Give back each entry word for word, but drop the images.

DATASET:

-*-

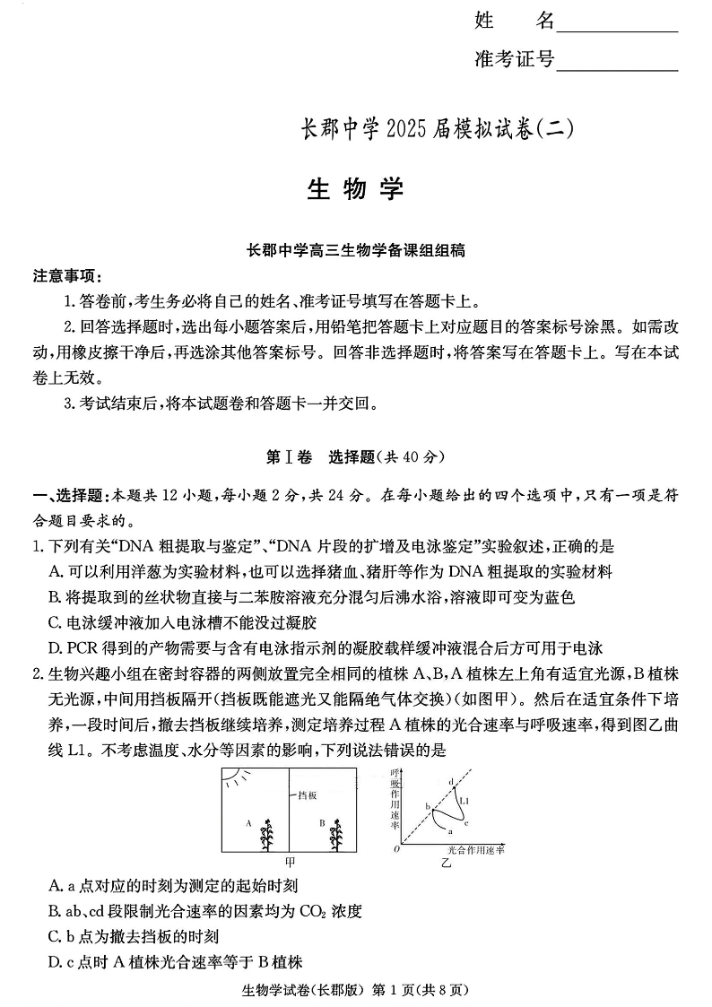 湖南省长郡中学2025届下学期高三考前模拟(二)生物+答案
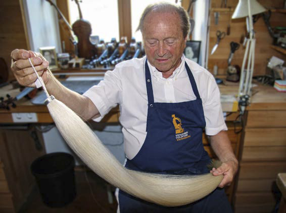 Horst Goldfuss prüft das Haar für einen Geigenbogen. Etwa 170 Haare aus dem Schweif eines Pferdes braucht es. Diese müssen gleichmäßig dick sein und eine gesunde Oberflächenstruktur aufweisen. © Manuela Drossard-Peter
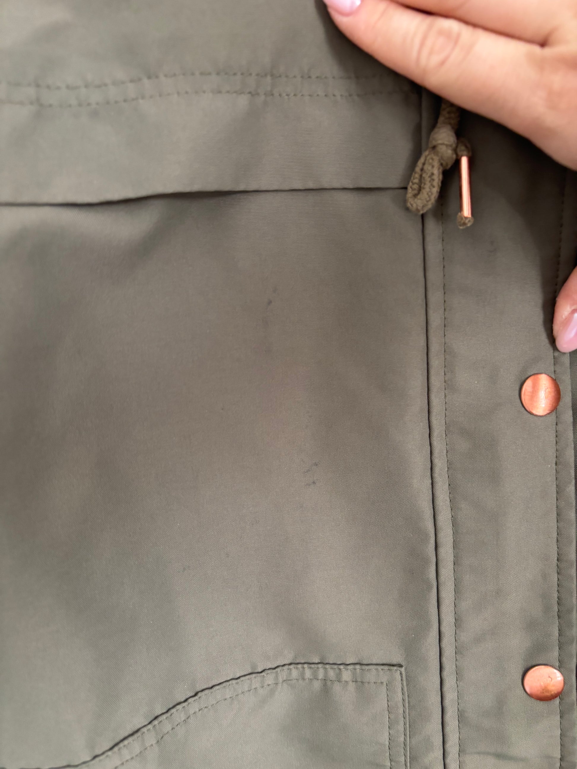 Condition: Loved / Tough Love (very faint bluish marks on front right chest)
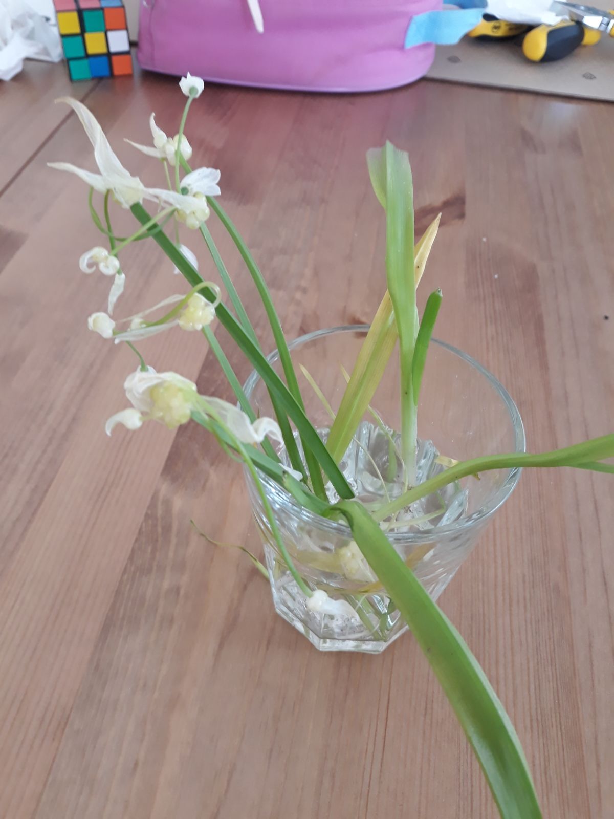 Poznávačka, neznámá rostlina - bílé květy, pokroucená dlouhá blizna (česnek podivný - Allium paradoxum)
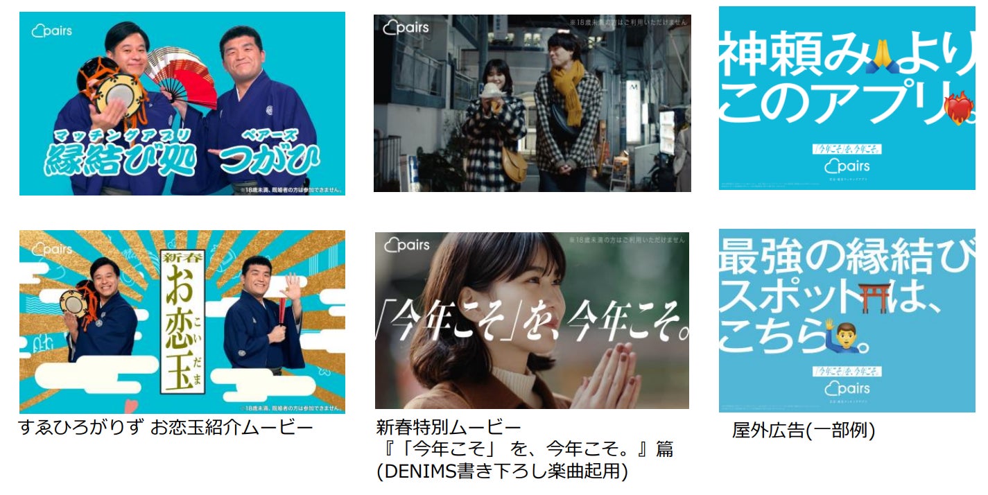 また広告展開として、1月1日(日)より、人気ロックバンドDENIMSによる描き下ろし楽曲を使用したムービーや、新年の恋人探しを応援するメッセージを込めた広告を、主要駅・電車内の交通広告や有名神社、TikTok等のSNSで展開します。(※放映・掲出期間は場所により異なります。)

-*-

OUTPUT:
 湖南省长郡中学2025届下学期高三考前模拟(二)生物+答案
 Horst Goldfuss prüft das Haar für einen Geigenbogen. Etwa 170 Haare aus dem Schweif eines Pferdes braucht es. Diese müssen gleichmäßig dick sein und eine gesunde Oberflächenstruktur aufweisen. © Manuela Drossard-Peter
 Condition: Loved / Tough Love (very faint bluish marks on front right chest)
 Poznávačka, neznámá rostlina - bílé květy, pokroucená dlouhá blizna (česnek podivný - Allium paradoxum)
 また広告展開として、1月1日(日)より、人気ロックバンドDENIMSによる描き下ろし楽曲を使用したムービーや、新年の恋人探しを応援するメッセージを込めた広告を、主要駅・電車内の交通広告や有名神社、TikTok等のSNSで展開します。(※放映・掲出期間は場所により異なります。)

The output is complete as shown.